Fig. 23 is a top view of a phase shifter of a tenth example of an embodiment of the present disclosure.
Fig. 24 is a top view of a phase shifter of an eleventh example of an embodiment of the present disclosure.
Fig. 25 is a top view of another phase shifter of an eleventh example of an embodiment of the present disclosure.
Fig. 26 is a top view of a phase shifter according to a twelfth example of an embodiment of the present disclosure.
Fig. 27 is a top view of another phase shifter of a twelfth example of an embodiment of the present disclosure.
Detailed Description
The present invention will be described in further detail below with reference to the drawings and detailed description for the purpose of better understanding of the technical solution of the present invention to those skilled in the art.
Unless defined otherwise, technical or scientific terms used in this disclosure should be given the ordinary meaning as understood by one of ordinary skill in the art to which this disclosure belongs. The terms "first," "second," and the like, as used in this disclosure, do not denote any order, quantity, or importance, but rather are used to distinguish one element from another. Likewise, the terms "a," "an," or "the" and similar terms do not denote a limitation of quantity, but rather denote the presence of at least one. The word "comprising" or "comprises", and the like, means that elements or items preceding the word are included in the element or item listed after the word and equivalents thereof, but does not exclude other elements or items. The terms "connected" or "connected," and the like, are not limited to physical or mechanical connections, but may include electrical connections, whether direct or indirect. "upper", "lower", "left", "right", etc. are used merely to indicate relative positional relationships, which may also be changed when the absolute position of the object to be described is changed.
FIG. 1 is a top view of an exemplary phase shifter, and FIG. 2 is a cross-sectional view of A-A' of the phase shifter of FIG. 1; as shown in fig. 1 and 2, the phase shifter includes a first substrate and a second substrate disposed opposite to each other, and a liquid crystal layer 30 disposed between the first substrate and the second substrate. The first substrate comprises a first dielectric substrate 10 and a first electrode 1 arranged on one side of the first dielectric substrate 10 close to the liquid crystal layer 30, wherein the first electrode 1 comprises a first sub-reference electrode 11 and a second sub-reference electrode 12. The second substrate includes a second dielectric substrate 20, and a second electrode 2 disposed on the second dielectric substrate 20. The second electrode 2 includes a main body structure 21 and a plurality of branch structures 22 connected to both sides of the main body structure 21 in the extending direction. The orthographic projection of the main structure of the second electrode 2 on the first dielectric substrate 10 is located between the orthographic projections of the first sub-reference electrode 11 and the second sub-reference electrode 12 on the first dielectric substrate 10. The front projection of the end part of the branch structure 22, which is connected to one side of the extending direction of the main body structure 21 and is far away from the main body structure, on the first dielectric substrate 10 is at least partially overlapped with the front projection of the first sub-reference electrode 11 on the first dielectric substrate 10; the orthographic projection of the end of the branch structure 22 connected to the other side of the extending direction of the main structure 21, which is far from the main structure 21, on the first dielectric substrate 10 is at least partially overlapped with the orthographic projection of the second sub-reference electrode 12 on the first dielectric substrate 10.

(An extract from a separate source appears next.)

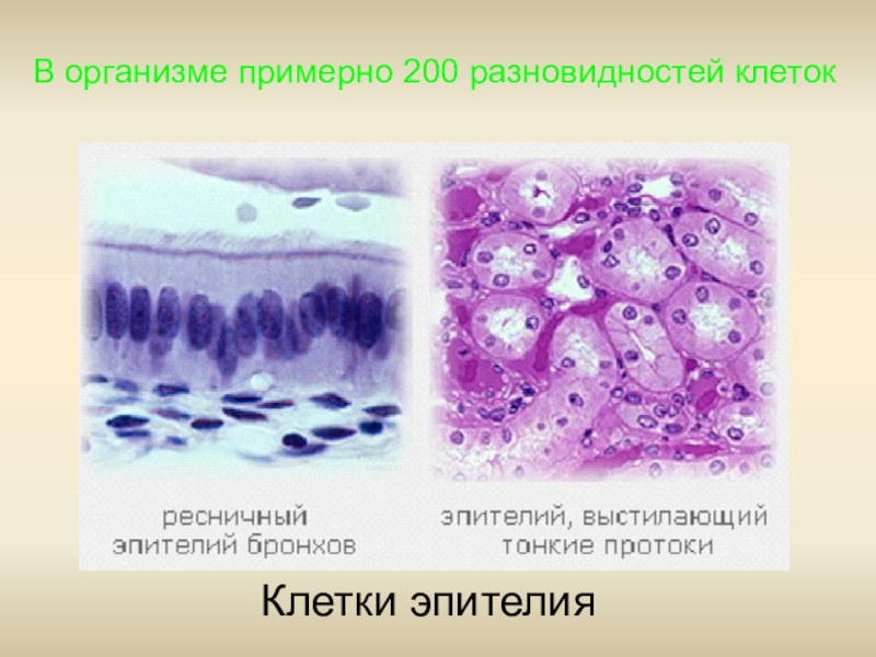 В организме примерно 200 разновидностей клетокКлетки эпителия

The first sub-reference electrode 11 and the second sub-reference electrode 12 may be connected to a ground signal, that is, a ground electrode. When a direct current bias voltage is applied to the first electrode 1, the branch structures connected to both sides of the main structure form a coplanar electric field with the first sub-reference electrode 11 and the second sub-reference electrode 12, respectively, to drive the liquid crystal molecules of the liquid crystal layer 30 to deflect, thereby changing the dielectric constant of the liquid crystal layer 30, and thus, changing the phase of the transmitted microwave signal can be achieved.
The inventors found that, when the phase shifter is fabricated, after the first substrate and the second substrate which have been formed are aligned, liquid crystal molecules are filled between the first substrate and the second substrate, but alignment deviation tolerance easily occurs during alignment, so that overlapping areas of the branch structures connected to both sides of the extending direction of the main body structure with the first sub-reference electrode 11 and the second sub-reference electrode 12 are changed, respectively, which affects the electrical performance of the phase shifter.
In view of the above problems, the embodiments of the present disclosure provide the following technical solutions.
In a first aspect, fig. 3 is a top view of a phase shifter according to an embodiment of the present disclosure; FIG. 4 is a cross-sectional view of B-B' of the phase shifter of FIG. 3; FIG. 5 is a partial schematic view of the phase shifter of FIG. 3; as shown in fig. 3-5, embodiments of the present disclosure provide a phase shifter including oppositely disposed first and second substrates, and an adjustable dielectric layer disposed between the first and second substrates. Wherein the tunable dielectric layer includes, but is not limited to, a liquid crystal layer 30. The tunable dielectric layer is described as the liquid crystal layer 30 in the embodiments of the present disclosure. The first substrate includes a first dielectric substrate 10, and a first electrode 1 disposed on a side of the first dielectric substrate 10 near the liquid crystal layer 30. The second substrate includes a second dielectric substrate 20, and a second electrode 2 disposed on a side of the second dielectric substrate 20 near the liquid crystal layer 30. The first electrode 1 includes a first main body structure 101, and a plurality of first branch structures 102 connected to at least one side of the extending direction of the first main body structure 101. The second electrode 2 includes a second main body structure 201, and a plurality of second branch structures 202 connected to at least one side of the extending direction of the second main body structure 201.
In the embodiment of the disclosure, the extending directions of the first main structure 101 and the second main structure 201 are the same, and the extending directions are the first direction X, the extending directions of the first branch structure 102 and the second branch structure 202 are the same, and the extending directions of the first branch structure 102 and the second branch structure 202 are perpendicular to the first direction X, and the extending directions of the first branch structure 102 and the second branch structure 202 are referred to as the second direction Y. It should be understood that the first body structure 101 and the second body structure 201 may be disposed in a non-parallel manner and extend in different directions.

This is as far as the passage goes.